(September 15, 2015 at 9:24 pm)Godschild Wrote: You believe what you do because you do not know God. Yes some children are talked into believing I've seen it happen, they are the ones who usually leave Christianity. I know plenty of children that have chosen Christ and have been in a very good relationship with God. If there where plenty of evidence for Christ, enough to convince you then where would the choice be, it wouldn't. You as many others would jump on the salvation train wanting you ticket punched for heaven, but where would be the love, the love for God instead of the selfish desire just to be in heaven. You see it's more than having evidence about Christ, it's about the love of Christ and what He did for you. So you and the others that insist on evidence (proof) will never get it until you have chosen the unseen Savior and that's when He will reveal himself to you with the evidence you were seeking.
GC
You missed the entire premise of my point: If god exists, then god is unreasonable. He expects people to believe in, worship, and follow him. And if they do not, then he sends them to a place of eternal torment. Without evidence, this is completely unreasonable.
God doesn't reveal evidence for himself once you choose the unseen 'savior'. When you choose the unseen savior you let confirmation bias convince you that God is actually real because that is what you want to be real.

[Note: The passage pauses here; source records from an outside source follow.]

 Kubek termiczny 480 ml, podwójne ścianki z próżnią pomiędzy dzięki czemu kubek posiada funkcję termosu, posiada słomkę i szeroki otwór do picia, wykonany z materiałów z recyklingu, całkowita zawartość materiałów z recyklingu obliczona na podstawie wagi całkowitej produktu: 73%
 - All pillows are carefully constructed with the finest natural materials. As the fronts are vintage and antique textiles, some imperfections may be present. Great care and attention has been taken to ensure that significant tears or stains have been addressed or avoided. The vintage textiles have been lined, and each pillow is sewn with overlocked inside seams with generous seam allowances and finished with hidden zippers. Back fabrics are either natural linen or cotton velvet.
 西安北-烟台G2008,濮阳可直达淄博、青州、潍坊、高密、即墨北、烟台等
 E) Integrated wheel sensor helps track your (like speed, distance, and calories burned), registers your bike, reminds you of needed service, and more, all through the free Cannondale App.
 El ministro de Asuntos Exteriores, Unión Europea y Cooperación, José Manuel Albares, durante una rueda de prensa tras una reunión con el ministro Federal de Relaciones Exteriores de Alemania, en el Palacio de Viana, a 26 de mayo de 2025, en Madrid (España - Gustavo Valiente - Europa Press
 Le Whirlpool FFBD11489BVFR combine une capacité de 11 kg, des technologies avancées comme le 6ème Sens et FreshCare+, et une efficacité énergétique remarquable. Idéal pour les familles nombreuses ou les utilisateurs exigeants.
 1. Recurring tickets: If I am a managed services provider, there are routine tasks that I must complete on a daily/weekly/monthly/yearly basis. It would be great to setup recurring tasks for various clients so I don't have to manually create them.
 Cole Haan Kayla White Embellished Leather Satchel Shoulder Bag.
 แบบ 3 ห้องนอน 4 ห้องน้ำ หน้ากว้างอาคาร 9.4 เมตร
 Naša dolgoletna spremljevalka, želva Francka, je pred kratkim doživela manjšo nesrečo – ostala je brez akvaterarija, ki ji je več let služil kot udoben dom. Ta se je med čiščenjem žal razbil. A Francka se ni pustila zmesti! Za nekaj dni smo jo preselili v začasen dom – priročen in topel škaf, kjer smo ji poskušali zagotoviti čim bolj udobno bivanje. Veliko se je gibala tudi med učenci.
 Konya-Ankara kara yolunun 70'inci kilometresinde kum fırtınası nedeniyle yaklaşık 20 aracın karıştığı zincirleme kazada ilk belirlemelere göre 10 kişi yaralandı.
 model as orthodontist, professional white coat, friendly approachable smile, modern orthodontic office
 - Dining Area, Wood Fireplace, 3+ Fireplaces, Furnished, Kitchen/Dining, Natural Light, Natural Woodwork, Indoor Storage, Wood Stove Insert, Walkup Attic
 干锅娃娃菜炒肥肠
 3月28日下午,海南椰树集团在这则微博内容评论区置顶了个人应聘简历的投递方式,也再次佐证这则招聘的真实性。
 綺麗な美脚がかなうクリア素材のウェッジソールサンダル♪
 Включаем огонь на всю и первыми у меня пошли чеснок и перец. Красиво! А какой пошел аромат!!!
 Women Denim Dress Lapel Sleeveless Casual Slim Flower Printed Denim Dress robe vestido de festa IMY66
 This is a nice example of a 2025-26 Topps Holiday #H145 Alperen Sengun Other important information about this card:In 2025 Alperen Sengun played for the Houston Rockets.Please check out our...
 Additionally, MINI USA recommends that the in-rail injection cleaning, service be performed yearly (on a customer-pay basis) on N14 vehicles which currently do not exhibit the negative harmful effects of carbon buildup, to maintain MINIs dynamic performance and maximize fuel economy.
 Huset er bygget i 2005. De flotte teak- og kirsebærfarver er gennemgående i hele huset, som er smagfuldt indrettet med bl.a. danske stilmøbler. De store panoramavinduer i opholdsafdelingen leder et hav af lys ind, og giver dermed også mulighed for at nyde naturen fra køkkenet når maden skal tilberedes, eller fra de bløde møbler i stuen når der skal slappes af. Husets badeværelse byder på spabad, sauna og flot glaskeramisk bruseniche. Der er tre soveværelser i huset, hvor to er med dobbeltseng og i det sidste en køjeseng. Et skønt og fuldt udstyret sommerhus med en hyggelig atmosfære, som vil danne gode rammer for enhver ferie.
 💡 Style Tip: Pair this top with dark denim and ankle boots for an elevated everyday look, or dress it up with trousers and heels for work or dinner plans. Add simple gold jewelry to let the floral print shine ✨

Besides, Christ's disciples allegedly (according to the bible) witnessed the miracles of Jesus first hand. They weren't required to choose to see the unseen savior, they saw him with their own eyes first, and then accepted him. What sort of god would expect others to set aside reason to believe in him to show evidence, and those that don't he sends to a place of eternal torment.
Not to mention that Adam and Eve in the same book conversed with God, and yet still they disobeyed him. As did David, and as did many others. Knowing god does not mean that you cannot or will not disobey him. So the free will argument is nothing but a pile of bullshit.
This god of yours doesn't sound remotely reasonable. Nor does he sound remotely loving. Which to me suggests that he would not have sacrificed himself to save the souls of anyone, because a non-loving god would not do that. And a loving god would not have expectations of faith before reason.